Brüssel. . Das EU-Parlament hat am Donnerstag grünes Licht für das neue Überwachungssystem „Eurosur“ gegeben. Ein Daten-Netz, dem künftig kein Schritt über die Grenze verborgen bleiben soll. Nach der Lampedusa-Katastrophe versuchen einige, es zur humanitären Maßnahme zu stilisieren.

Im Namen steckt der Hauptzweck: Beim „europäischen Grenzüberwachungssystem Eurosur“ steht „-sur“ für surveillance, Überwachung. Entsprechend soll Eurosur in erster Linie der Sicherheit der Grenze dienen. Im Angesicht der Flüchtlingskatastrophe vor der Mittelmeerinsel Lampedusa ist das Europa-Parlament nun allerdings bemüht, auch den humanitären Wert der neuen Einrichtung herauszustreichen.

Die Abgeordneten verabschiedeten am Donnerstag in Straßburg mit großer Mehrheit die Rechtsgrundlage für Eurosur, das im Dezember starten soll. Nur die Grünen und die Linke stimmten dagegen. Damit ist das Gesetzgebungsverfahren nach insgesamt fünf Jahren abgeschlossen. Die letzte Etappe war eigentlich Routine, erst Lampedusa und die Frage: Was tut eigentlich die EU, um solche Tragödien zu verhindern? hatten ein breiteres Interesse an Eurosur geweckt.

Das Hauptziel heißt: Eindringlinge abfangen

Der niederländische Liberale Jan Mulder, im Parlament federführend zuständig, lässt indes keinen Zweifel daran, dass Eurosur nicht dazu taugt, der ins Zwielicht geratenen europäischen Grenzpolitik auf einen Schlag ein menschliches Angesicht zu verleihen. „Das Hauptziel ist, dass wir einen Rahmen schaffen, so dass alle Mitgliedstaaten unmittelbar über alles informiert werden, was an den Außengrenzen passiert.“ Der Gesetzestext nennt das „illegale grenzüberschreitende Aktivitäten“. Dabei, sagt Mulder, soll es nun nicht allein darum gehen, Schlepper- und Gangsterbanden das Handwerk zu legen und illegale Eindringlinge abzufangen, sondern auch Menschenleben zu retten.

Als untereinander grenzfreier Raum teilen die EU-Staaten das Interesse an Kontrolle der Außengrenzen. Praktische Hilfe leistet dabei die in Warschau angesiedelte EU-Agentur Frontex, etwa mit Patrouille-Booten an besonderen Schwachstellen im Mittelmeer. Zuständig für die Grenzüberwachung ist der jeweilige Mitgliedstaat. Doch die rund 50 nationalen Behörden sind technisch und organisatorisch nicht auf Zusammenarbeit ausgelegt. Diese Lücke soll Eurosur in Form eines Netzes aus nationalen Kooperationszentren schließen.

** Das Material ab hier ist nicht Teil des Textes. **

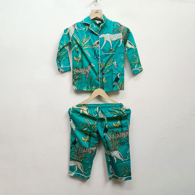 Add a playful burst of nature to your nights with our Jungle Adventure Print Cotton Pyjama Set, featuring vibrant jungle elements like leaves, animals, and tropical motifs. Fun, energetic, and full of character — this set brings a lively charm to your sleepwear while offering all-night comfort.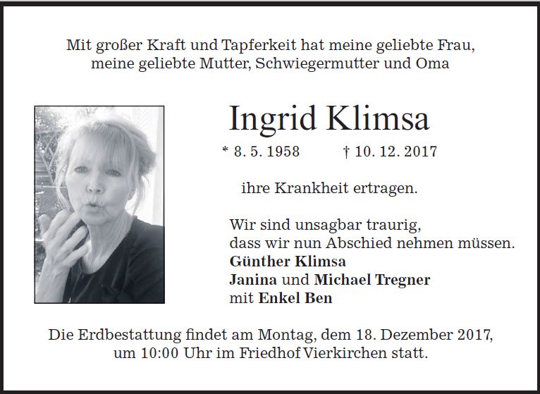 Beerdigung am Montag, dem 18. Dezember 2017, um 10:00 Uhr im Friedhof Vierkirchen.

Auch EU-Dienststellen wie das Satelliten-Zentrum oder die EU-Agenturen für Meeressicherheit und Fischereikontrolle sollen Daten einspeisen. Die EU-Büros in Nachbarländern fungieren als Frühwarnstellen. Ziel ist es, allen EU-Staaten und Frontex ständig ein möglichst aktuelles und umfassendes Bild von jedem Abschnitt der Grenze zu geben – besonders von jenen im Süden und Osten der Union.

Hätte Eurosur die Lampedusa-Katastrophe verhindert?

Vor Lampedusa sank am 3. Oktober ein libyscher Kutter mit über 500 Menschen aus Somalia und Eritrea an Bord. Bis Donnerstag waren 309 Leichen geborgen, darunter nach Angaben des italienischen Fernsehens ein Neugeborenes, das noch über die Nabelschnur mit der Mutter verbunden war. Hätte dieses Unglück mit Eurosur verhindert werden können? Jan Mulder ist vorsichtig: „Vielleicht wäre das Boot früher entdeckt worden und man hätte früher eingreifen können.“

EU-Innenkommissarin Cecilia Malmström ist jedenfalls voll des Lobes: „Eurosur wird einen bedeutsamen Beitrag zum Schutz unserer Außengrenzen leisten und helfen, das Leben derer zu retten, die sich in Gefahr begeben, um die Küsten Europas zu erreichen.“ Aus Sicht der Kritiker ist das Heuchelei. Die Grünen erklärten: „Lebensrettung steht nur drauf, ist aber nicht drin in Eurosur.“ Und die Linke schimpfte, Eurosur sei vor allem dies: „Ein 340 Millionen Euro teures Investitionsprogramm für die Rüstungsindustrie“.